Kahramanmaraş merkezli depremin yıkıma yol açtığı Hatay’ın Antakya ilçesinden Ankara’ya gelerek yerleşen Abdurrahman ve Ahmet Selami kardeşler, Ulus Anafartalar Caddesi’nde kurdukları atölyede ayakkabı parçası üreterek ailelerini geçindiriyor.
6 Şubat’taki depremlerden önce Antakya’da saya (ayakkabının yumuşak üst bölümü) üretimi yapan iki kardeş, afetin ardından başkente geldi. Ankara Umum Ayakkabıcılar ve Çantacılar Esnaf ve Sanatkarlar Odasının desteğiyle Ulus Anafartalar Caddesi’nde kendi atölyesini açan 22 yaşındaki Abdurrahman Selami ve 18 yaşındaki Ahmet Selami, üretime kaldıkları yerden devam etti. Yeni bir şehirde hayata tutunmaya çalışan iki kardeş, bir yandan da gelecek planları yapıyor.

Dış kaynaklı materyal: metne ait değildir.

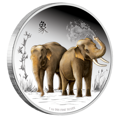 1 oz. Fine Silver Coin - Feng Shui: Elephants (2015)

Ahmet Selami, depreme ailesiyle Antakya’da yakalandığını söyledi. Enkazdan çıkan yakınları ve ailesiyle önce Osmaniye’ye gittiklerini, ardından da Ankara’ya geldiklerini belirten Selami, işlerine de burada devam ettiklerini dile getirdi.

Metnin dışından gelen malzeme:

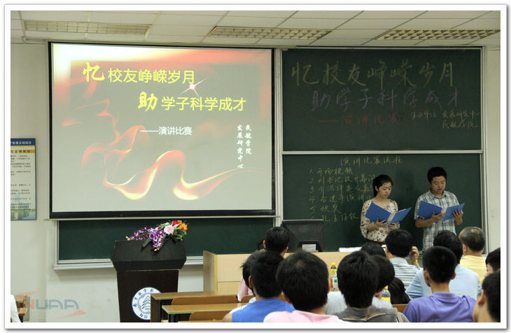 5月20日下午,为迎接建党90周年和南航建校60周年,发展研究中心以“杰出校友访谈”活动为载体,联合民航学院,在将军路校区5102教室共同举办“忆校友峥嵘岁月,助学子成长成才”演讲比赛。校发展研究中心主任孔垂谦、民航学院党委副书记刘建成等8位老师应邀担任此次比赛的评委和嘉宾。 刘建成老师在开幕词中指出,此次活动意义重大,希望同学们通过参加这次活动,能有所感、有所悟,进一步激发同学们向杰出校友和优秀党员学习的热情和动力,“树信心、立大志”,奋发学习、刻苦钻研,为学校和国家民航事业的发展打下坚实的基础。 本次演讲比赛经过民航学院筛选、推荐,共有10名优秀学生代表参赛。参赛选手在认真学习或聆听南航杰出校友优秀事迹和成长经历的基础上确定了演讲主题。演讲中,选手们从自己的实际生活和学习出发,慷慨激昂、声情并茂地表达了向杰出校友和优秀党员学习的热情、动力和决心。现场气氛热烈,选手们的精彩表现不时赢来台下阵阵掌声。 颁奖典礼之后,孔垂谦老师致闭幕词。他充分肯定了本次比赛的意义,赞扬参赛选手的精彩表现,并希望同学们都能以优秀校友为榜样,不断充实大学生活,争取将来成为社会栋梁之才,为我国民航事业的蓬勃发展做出卓越贡献。在随后的互动环节中,同学们表示杰出校友的成长历程、奋斗事迹和人生信条,是激励大家奋发向上、立志成才的精神财富,并表达了要在大学期间用知识充实自己、用实践锻炼自己、用经验提高自己,踏实地走好每一步的美好愿望和决心。

Ahmet Selami, küçük yaşlardan beri ağabeyiyle saya üretimi yaptığını belirterek, Ankara’da kurdukları atölyede de bu işi sürdürdüklerini anlattı. Yeni bir şehre alışmaya çalıştıklarını vurgulayan Selami, “Yaklaşık üç haftadır Ankara’da kurduğumuz atölyede üretime devam ediyoruz. Yeni bir şehre alışmaya çalışıyoruz. Ben ağabeyimden öğrendiğim bu mesleğe devam ediyorum ama bir yandan da okuyup bilgisayar mühendisi olmak istiyorum.” dedi.
“Hayat Devam Ediyor”
Ağabey Abdurrahman Selami de deprem olduğu sırada İstanbul’da bulunduğunu söyledi. Afetin ardından Antakya’ya ailesini bulmaya gittiğini anlatan Selami, şöyle konuştu:
“Ailem Antakya’da depreme yakalandı. Ben İstanbul’da çalışıyordum. Deprem olduğu zaman Antakya’ya gittim. Ailemi bulduktan sonra Ankara’ya geldik. Burada üretim atölyesi kurduk, mesleğimiz olan saya üretimine devam ediyoruz. Saya ayakkabının üst bölümüdür. Parçaları alıp birleştiriyor, makinelerde dikiyoruz, sonra da ayakkabı üretim atölyelerine veriyoruz. Günde yaklaşık 30 çift saya üretiyoruz. Depremi yaşamak, başka bir şehre gelmek zor ama mecburuz. Hayat devam ediyor.”